RECORDS FOR PROCESSING Block Start

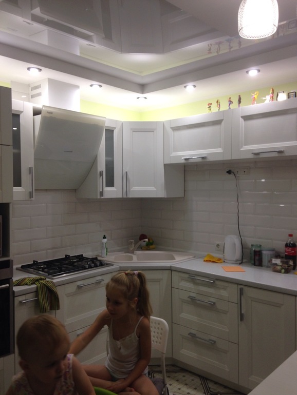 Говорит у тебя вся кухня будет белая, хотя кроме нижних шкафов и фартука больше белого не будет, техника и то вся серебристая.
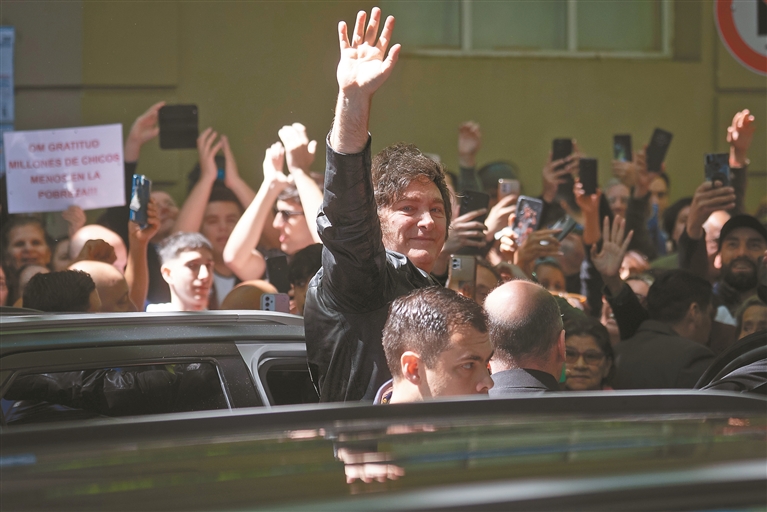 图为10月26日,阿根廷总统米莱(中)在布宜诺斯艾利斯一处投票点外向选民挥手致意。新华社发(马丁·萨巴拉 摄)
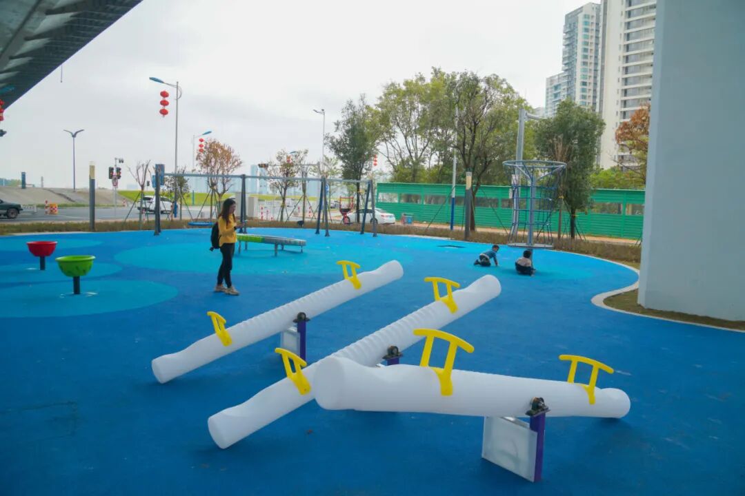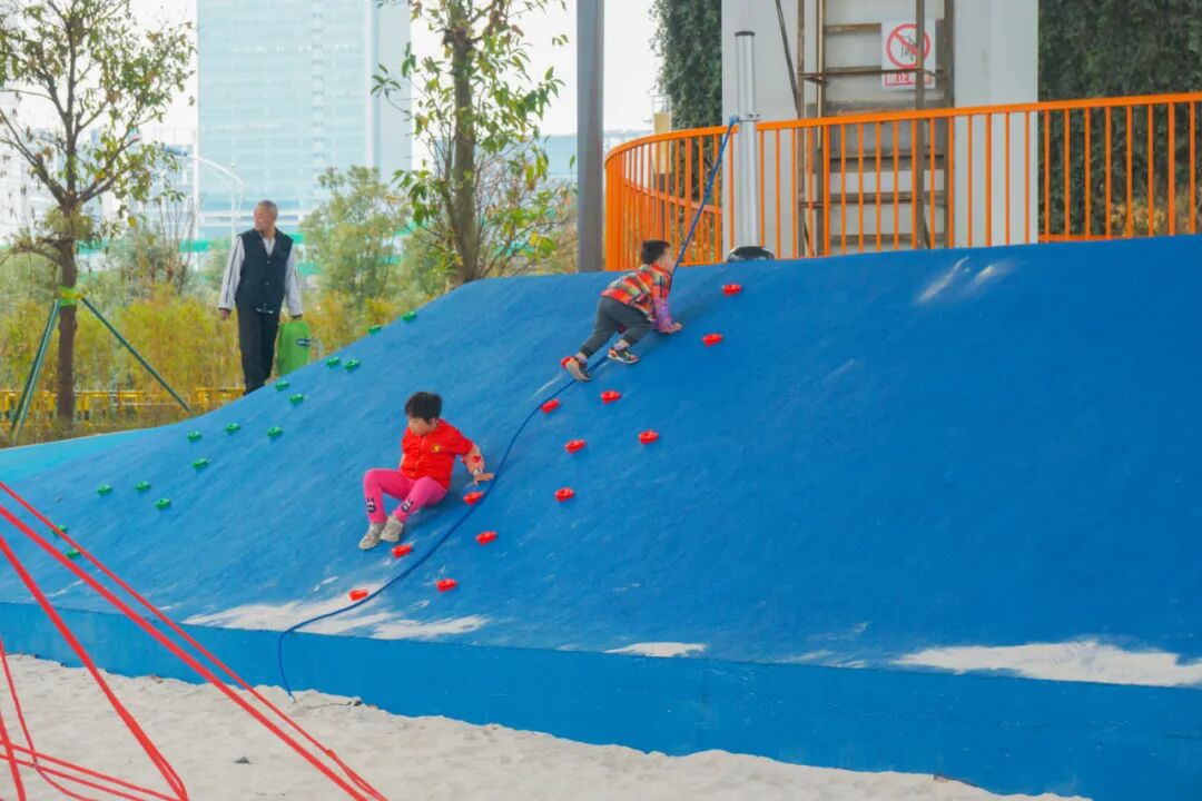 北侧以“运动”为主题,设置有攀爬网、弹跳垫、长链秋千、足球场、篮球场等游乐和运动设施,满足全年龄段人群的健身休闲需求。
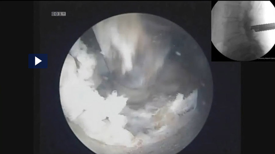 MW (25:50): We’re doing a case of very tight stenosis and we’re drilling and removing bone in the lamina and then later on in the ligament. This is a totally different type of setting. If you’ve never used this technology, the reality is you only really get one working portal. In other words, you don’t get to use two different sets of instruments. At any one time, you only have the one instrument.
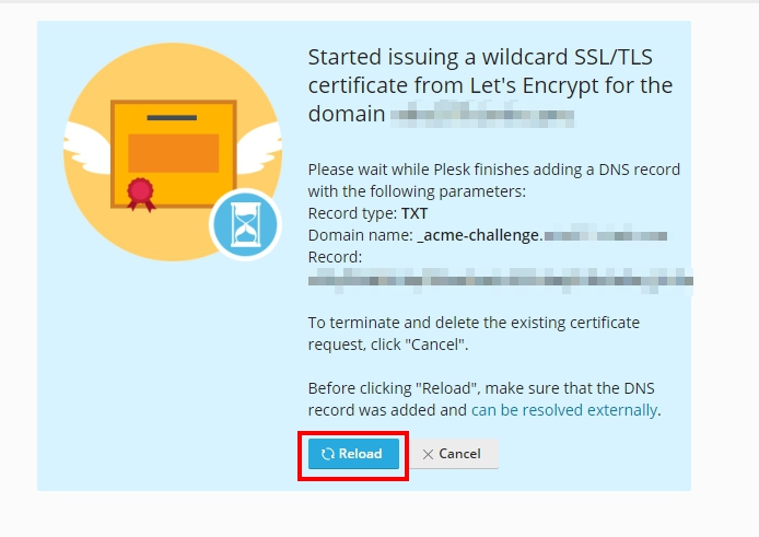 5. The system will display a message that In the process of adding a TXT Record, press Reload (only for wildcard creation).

RECORDS FOR PROCESSING Block End

**HOW TO COMPLETE THIS TASK**
Only the lines from the one containing "MW (25:50): We’re" through the end of the records above should be retyped, exactly as they stand, with any pictures left out.

**COMPLETED EXERCISE**
 MW (25:50): We’re doing a case of very tight stenosis and we’re drilling and removing bone in the lamina and then later on in the ligament. This is a totally different type of setting. If you’ve never used this technology, the reality is you only really get one working portal. In other words, you don’t get to use two different sets of instruments. At any one time, you only have the one instrument.
 5. The system will display a message that In the process of adding a TXT Record, press Reload (only for wildcard creation).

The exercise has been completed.